As mentioned in my earlier post on the US Housing Market, housing gets reflected in GDP in two ways. First, through residential fixed investment which includes the construction of new single family and multi-family homes and some other related activities. In 2021, Residential Fixed Investment contributed $1,086 billion to US GDP (4.7%). Second, through all spending on housing services which includes renter’s rents and utilities and home owners implied rent and utility payments. In 2021, this category contributed approx. $2.8 trillion to US GDP (12.2%). Together, housing as a sector, hence contributes about 17% to US GDP. A sizeable number ! Residential fixed investment has fallen at annualized rates of 2%, 18% and 26% in the three quarters of 2022.
Business investment, on the other hand, has continued to surprise on the upside. Fixed Investment in the categories of Equipment and Intellectual Property Products contribute approximately 10% to the US GDP calculation.
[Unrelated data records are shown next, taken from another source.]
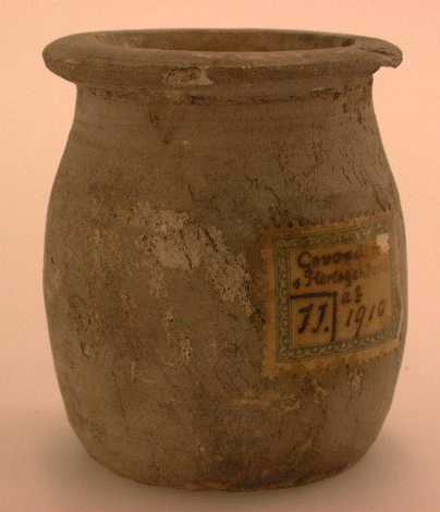 - BeschrijvingPotje, van buiten geel verglaasd, ovaal van vorm met platte ribbel om de mond (oude kaart) - platte bodem, geen voet - enigszins bol lichaam met draaigroeven - insnoering onder de platte bindrand - buitenkant ongegalzuurd - binnenkant voorzien van geel loodglazuur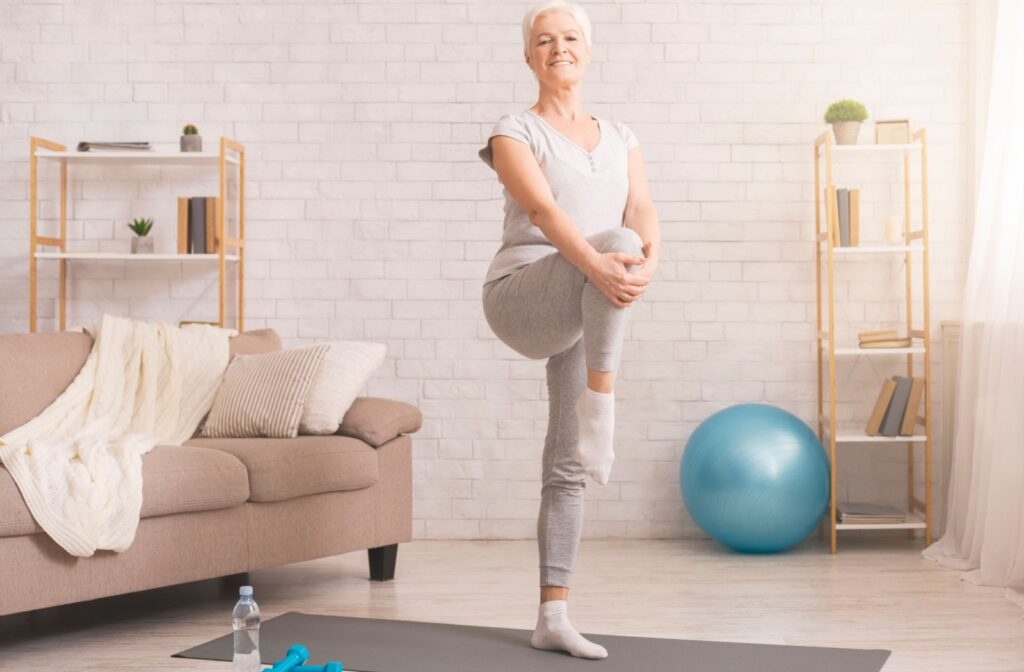 Start with 5 repetitions on each leg and gradually work up to 10. You can do this exercise while reading or watching your favorite show. The movement strengthens your quadriceps muscles, which help you stand up from chairs and walk with confidence.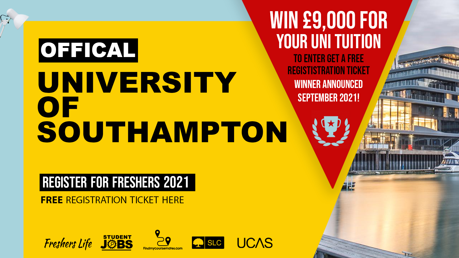 This FREE registration ticket is for all applicants to the University of Southampton for Southampton Freshers Week 2021. We will be providing all the information you need for those who register for freshers by getting a free ticket from this event. This will include the University of Southampton University Week Passes, Discounts, Jobs, Groups, Social Chats, Events and more!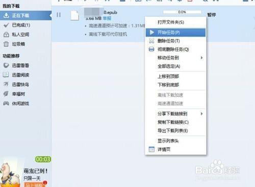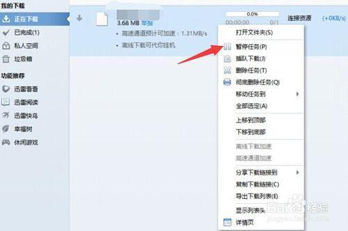 当我们下载的时候17. 一生情,蜿蜒成潺潺的溪水,向着爱海奔腾而去;一生爱,辗转成绵延的相思雨,踏落一路红尘的情趣;我的爱总是为了你,把你留在我香甜的梦境里!,提示资源不足的时候,任务就无法下载完成。  出现这个提示的时候,我们将鼠标放到该下载任务的位置上并右键。  右键下载任务后,弹出选项,我们点击“暂停任务”。  接着,暂停任务后,这时我们再把鼠标定位到这个已经暂停下载的任务上。  然后,我们再一次右键这刚刚暂停的下载任务。  但是,这一次右键后弹出的选项中,我们点击同一位置中的“开始任务”。  当这个任务重新开始下载后,我们发现就可以继续下载完成,并不再提示资源不足。  -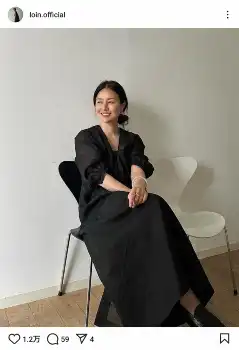 「試作中のワンピースに袖を通す。髪をブローしてきたのに括ってしまう」と、ラフなまとめ髪で黒いワンピースを着た姿を披露した。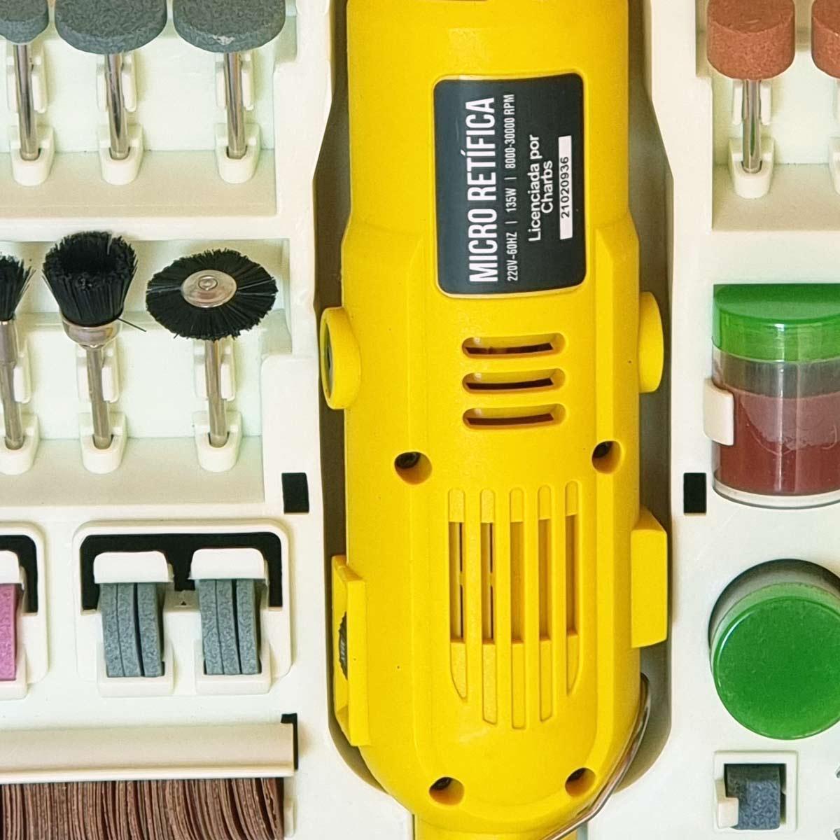 Mini Retífica Charbs É A Ferramenta Ideal Para Trabalhos De Desbaste, Remoção, Limpeza, Polimento, Gravação, Lixamento E Furação De Diferentes Tipos De Materiais E Superfícies. Tenha Em Mãos Um Kit Que Reúne Tudo O Que Você Precisa Em Uma Exclusiva Maleta Portátil Para Você Levar Onde For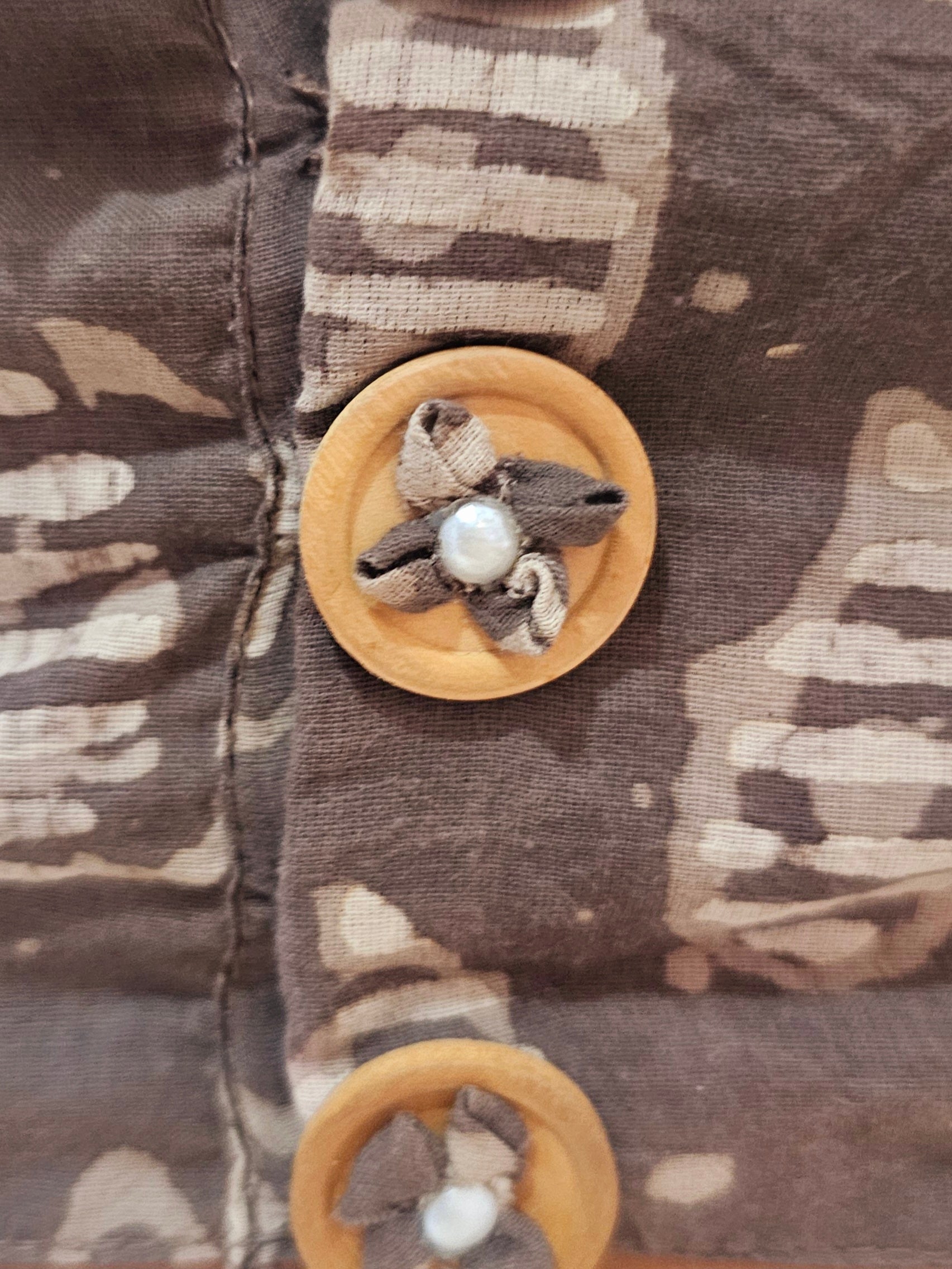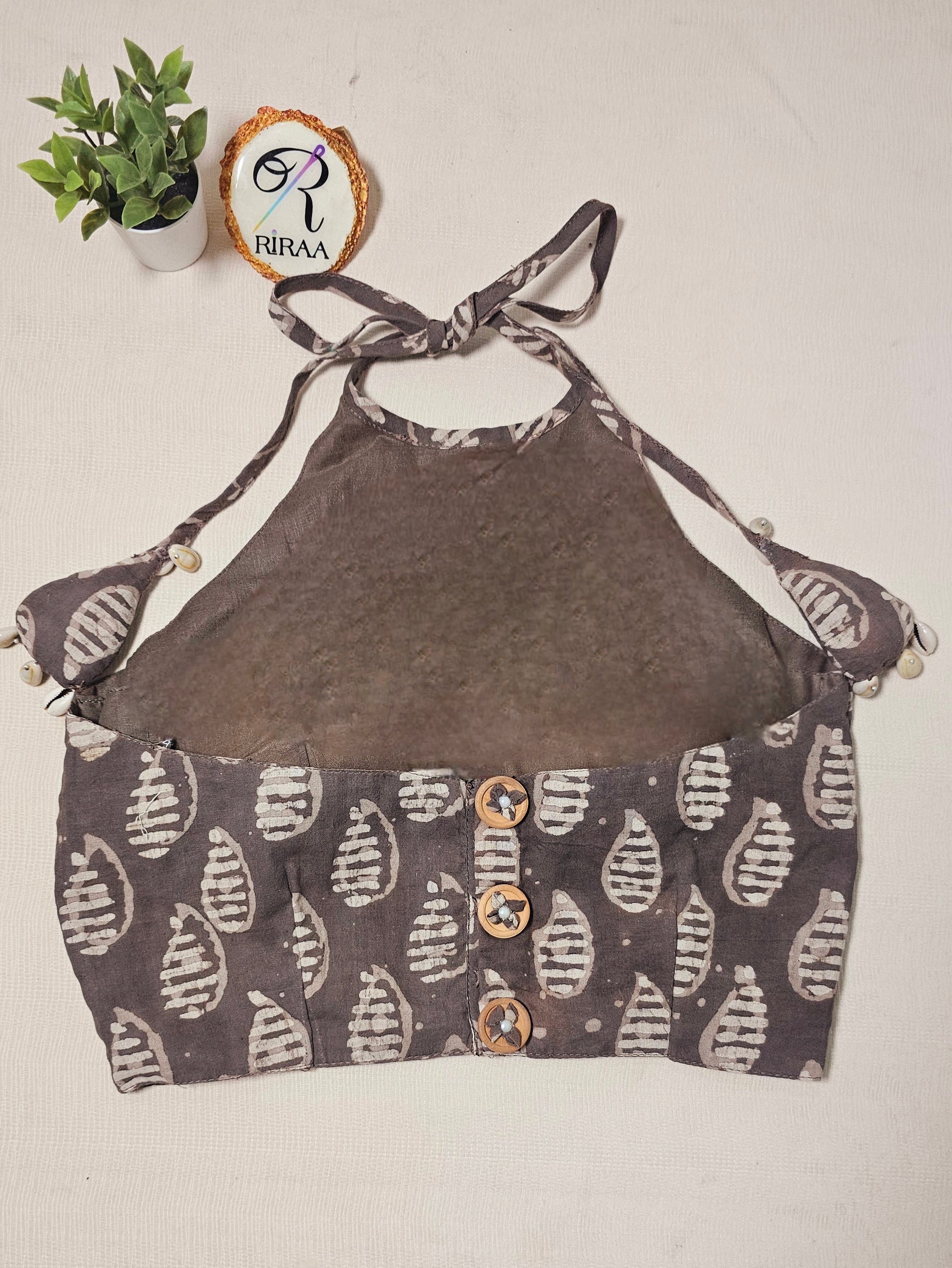 Discover the Triveni Blouse, where tradition meets contemporary fashion. This exquisite piece features a chic halterneck design, seamlessly blending modern aesthetics with classic charm. Adorned with meticulously hand-embellished floral patterns on beautifully crafted wooden buttons, the Triveni blouse is a celebration of style, grace, and heritage.

Below chart shows annualized growth rates of these 2 key components of Fixed Investment over the past 3 quarters of 2022.
That resilience in business spending can also be evidenced in that Durable Goods Orders indicator which has been up six of the last 7 months. While it has continued to be positive, the growth is indeed much lower than 2021 and the period before.
Bottom line though, is that once consumption starts to roll over and businesses cut back capex, there can be a pronounced hit to GDP growth. That headline number can get exacerbated by falling inventories which mathematically deduct points from the GDP growth calculation.
Economists largely expect 0 to 1% GDP growth in 4th quarter. The current forecast of the Atlanta Fed GDP Now tracker projects 4.0% but that can be expected to come down with additional data releases. What matters most is what happens to expectations of 1H 2023 GDP.
I believe the current equity market environment is still one where bad news is good news since it gives a reason for a rate pause. But with prolonged passage of time this narrative will change and the headwinds to the economy become large enough that mere pauses in rate hiking don’t prove sufficient. I think 2022 has proven a lot of forecasters wrong, thanks to the US consumer. While that might have contributed to the inflation pain, it has also managed to keep employment high. 2023 might be a different story. Got to hang in there!
Disclaimer and Disclosure: Not meant to be investing advice ! Do your own research! I am long both equity and fixed income positions though overall bearishly positioned for the short term portfolio.